**Instructions for the task:** For the entries below, repeat exactly each line starting with the one that contains "2011/06/26 | 09:50:28.0" and going on through the one that contains "I have an ongoing", and no others.

**Record extracts:**
───
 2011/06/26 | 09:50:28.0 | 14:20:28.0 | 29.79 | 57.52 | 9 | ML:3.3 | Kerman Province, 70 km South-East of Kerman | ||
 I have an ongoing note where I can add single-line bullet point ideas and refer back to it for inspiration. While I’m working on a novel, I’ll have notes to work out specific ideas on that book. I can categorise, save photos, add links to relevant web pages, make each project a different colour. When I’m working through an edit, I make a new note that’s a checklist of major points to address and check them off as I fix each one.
───
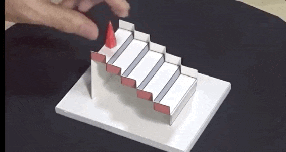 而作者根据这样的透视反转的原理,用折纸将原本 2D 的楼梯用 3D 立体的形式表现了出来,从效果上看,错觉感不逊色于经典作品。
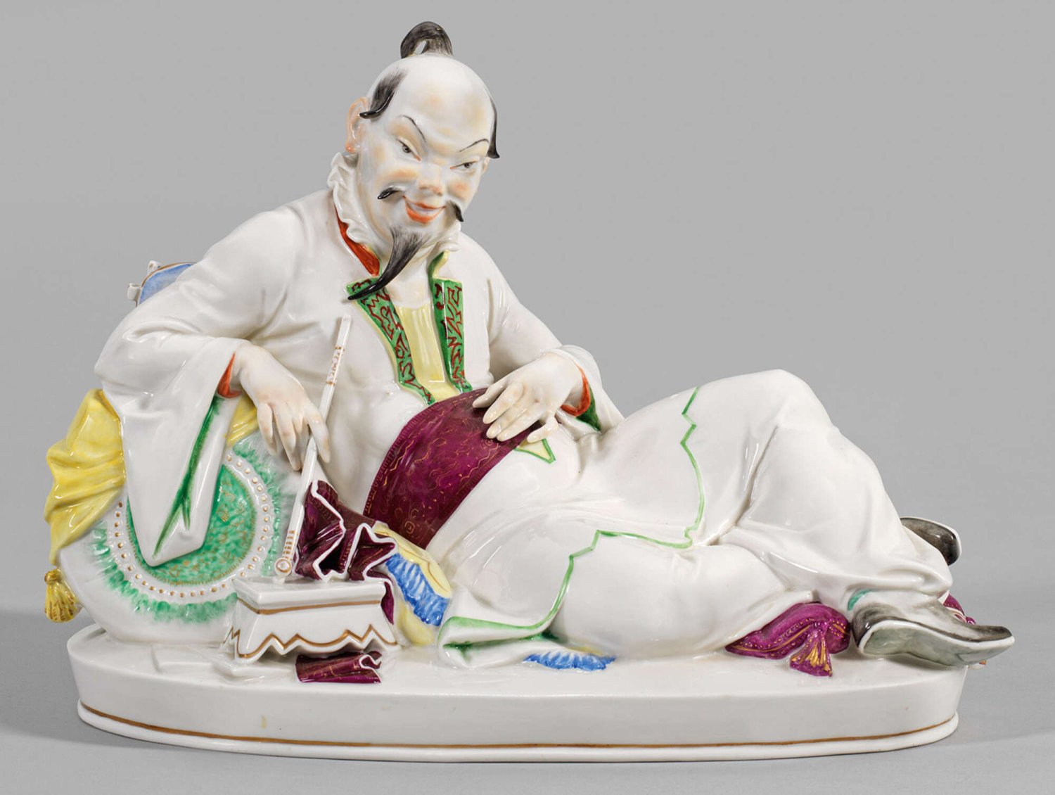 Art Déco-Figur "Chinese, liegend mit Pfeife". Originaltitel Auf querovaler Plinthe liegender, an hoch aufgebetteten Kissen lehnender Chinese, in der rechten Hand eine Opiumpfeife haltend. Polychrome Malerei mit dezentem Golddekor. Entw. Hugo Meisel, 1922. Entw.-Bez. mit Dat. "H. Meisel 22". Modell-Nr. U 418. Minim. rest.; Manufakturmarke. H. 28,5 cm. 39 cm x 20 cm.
───
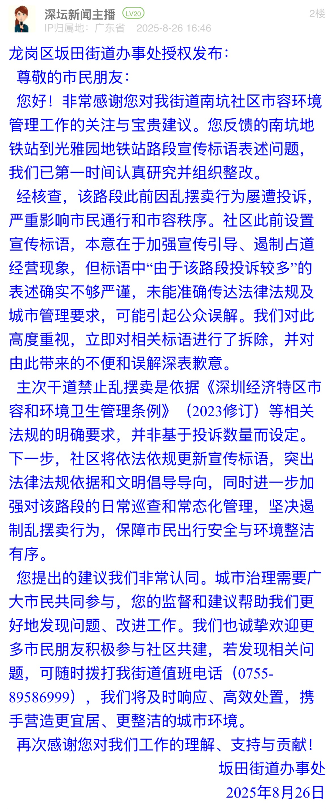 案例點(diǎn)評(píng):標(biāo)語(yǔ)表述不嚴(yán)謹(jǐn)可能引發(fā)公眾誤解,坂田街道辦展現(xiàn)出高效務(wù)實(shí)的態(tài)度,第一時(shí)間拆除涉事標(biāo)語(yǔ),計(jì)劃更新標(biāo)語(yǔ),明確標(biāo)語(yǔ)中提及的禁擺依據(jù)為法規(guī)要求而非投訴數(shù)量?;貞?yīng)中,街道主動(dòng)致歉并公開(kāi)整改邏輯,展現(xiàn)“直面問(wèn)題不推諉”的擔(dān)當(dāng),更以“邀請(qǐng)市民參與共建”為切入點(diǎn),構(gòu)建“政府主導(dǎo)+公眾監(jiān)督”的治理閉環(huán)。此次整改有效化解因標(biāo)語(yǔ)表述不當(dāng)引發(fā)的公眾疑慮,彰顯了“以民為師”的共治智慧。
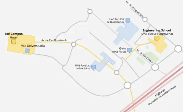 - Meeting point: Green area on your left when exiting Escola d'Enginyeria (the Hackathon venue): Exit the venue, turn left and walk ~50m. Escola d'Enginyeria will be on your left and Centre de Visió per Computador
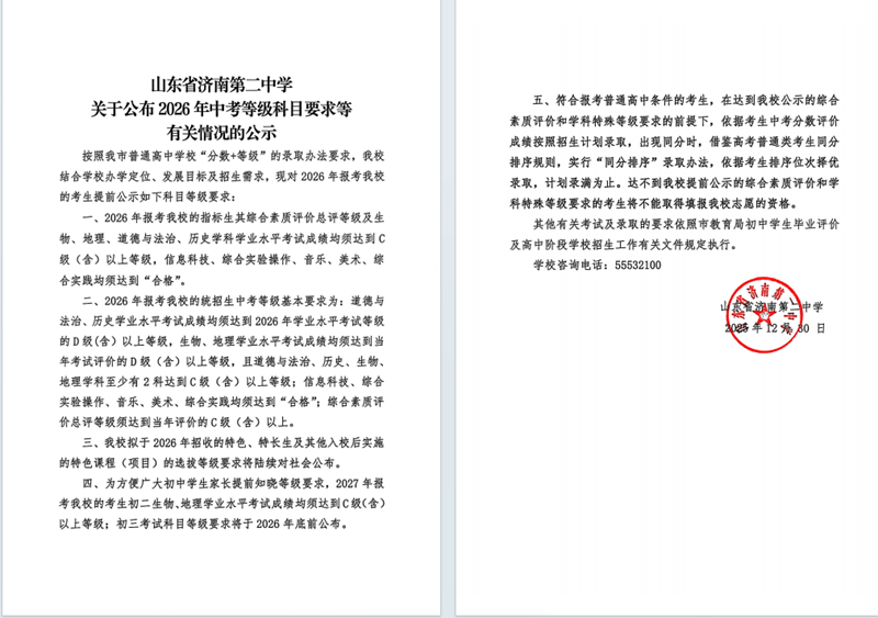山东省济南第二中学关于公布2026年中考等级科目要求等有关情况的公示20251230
───
**Your solution:**
 2011/06/26 | 09:50:28.0 | 14:20:28.0 | 29.79 | 57.52 | 9 | ML:3.3 | Kerman Province, 70 km South-East of Kerman | ||
 I have an ongoing note where I can add single-line bullet point ideas and refer back to it for inspiration. While I’m working on a novel, I’ll have notes to work out specific ideas on that book. I can categorise, save photos, add links to relevant web pages, make each project a different colour. When I’m working through an edit, I make a new note that’s a checklist of major points to address and check them off as I fix each one.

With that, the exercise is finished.